Adjuvant Ribociclib Approved for HR+/HER2- Early Breast Cancer, Offering New Hope for High-Risk Patients

• The FDA approved ribociclib in combination with an aromatase inhibitor for high-risk HR+/HER2- early breast cancer, based on the NATALEE trial data.
• NATALEE trial results showed a significant 25.1% reduction in the risk of disease recurrence with ribociclib plus endocrine therapy compared to endocrine therapy alone.
• Experts highlight the importance of shared decision-making between oncologists and patients when choosing between ribociclib and abemaciclib.
• Individual patient characteristics, pre-existing conditions, and preferences should guide the selection of CDK4/6 inhibitors in the adjuvant setting.

The FDA's approval of adjuvant ribociclib (Kisqali) in combination with an aromatase inhibitor (AI) on September 17, 2024, marks a significant advancement in the treatment of hormone receptor-positive, HER2-negative (HR+/HER2-) stage II and III early breast cancer. This approval, supported by the phase 3 NATALEE trial, offers a new option for patients at high risk of recurrence, including those with node-negative disease. The NATALEE trial demonstrated a clinically meaningful 25.1% reduction in the risk of disease recurrence (HR, 0.749; 95% CI, 0.628-0.892; P = .0006) compared to endocrine therapy alone. This benefit in invasive disease-free survival (iDFS) was observed across all pre-specified patient subgroups.

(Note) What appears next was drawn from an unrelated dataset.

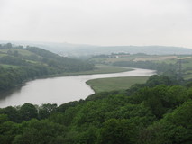 The weather seemed to have dried up a bit by the time I arrived at Ferryside at quarter past twelve, and I adjourned to the cafe for baked potato and baked beans, and a pot of tea. There were good views back across the River Towy to Llansteffan. From Ferryside the path took a number of fields, the signs were a bit sparse, so it required a bit of concentration on the map. After Llansaint, the route descended, first on a small road, and then farm track, with great views over to Pembrey Forest, and on to the Gower beyond. At Kidwelly I took a short stroll up the river to go and look at the impressive castle. There didn't seem to be much in the way of shops in town, but there was a small newsagent, and I got a couple of sports drinks, and some extra instant noodles.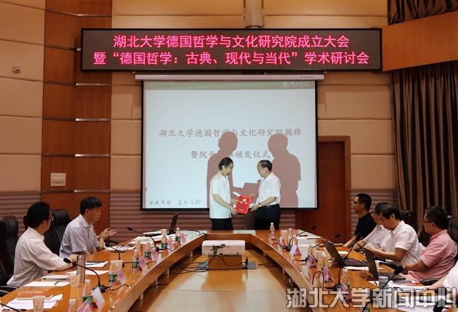 謝紅星和鄧曉芒教授共同為湖北大學(xué)德國(guó)哲學(xué)與文化研究院揭牌,謝紅星向鄧曉芒教授頒發(fā)院長(zhǎng)聘書。

Ribociclib vs. Abemaciclib: Navigating Treatment Choices

With ribociclib joining abemaciclib (Verzenio) in the adjuvant setting, clinicians now face the challenge of selecting the most appropriate CDK4/6 inhibitor for individual patients. Abemaciclib is already FDA approved in combination with endocrine therapy for HR+/HER2-, node-positive early breast cancer at high risk of recurrence. The pivotal phase 3 monarchE trial demonstrated a sustained iDFS benefit with abemaciclib plus endocrine therapy over endocrine therapy alone (HR, 0.680; 95% CI, 0.599-0.772; nominal P < .001) at a median follow-up of 54 months.

Dr. Jairam Krishnamurthy, an associate professor at the University of Nebraska Medical Center, emphasized the importance of shared decision-making in an interview with OncLive®. "A lot of shared decision-making will come into play between the patient and the oncologist," he stated, highlighting the need to consider individual patient characteristics and preferences.

Factors Influencing Treatment Selection

When choosing between ribociclib and abemaciclib, several factors come into play. Pre-existing gastrointestinal issues, such as inflammatory bowel disease or diarrhea, may make abemaciclib a less desirable option due to its potential to cause diarrhea. Conversely, patients with pre-existing heart rhythm issues or those taking medications that prolong QT intervals, such as amiodarone, may need to avoid ribociclib, as it can cause QT prolongation.

Dr. Krishnamurthy noted, "We will have to individualize therapy based on patients’ pre-existing conditions. For patients who meet the criteria for both ribociclib and abemaciclib, it’s going to be a question of whether they want to be on a drug for 3 years vs 2 years, and whether they want to be on [abemaciclib], a drug that can potentially cause diarrhea, as opposed to ribociclib, which can cause fatigue and nausea."

Addressing Unmet Needs and Challenges

The approval of adjuvant ribociclib addresses a critical unmet need by providing an additional treatment option to reduce the risk of recurrence in high-risk HR+/HER2- early breast cancer patients. However, challenges remain, including the need to convince patients to adhere to the 3-year treatment duration and the logistical requirements of monthly clinic visits for laboratory tests to monitor for potential adverse effects such as neutropenia and QT prolongation.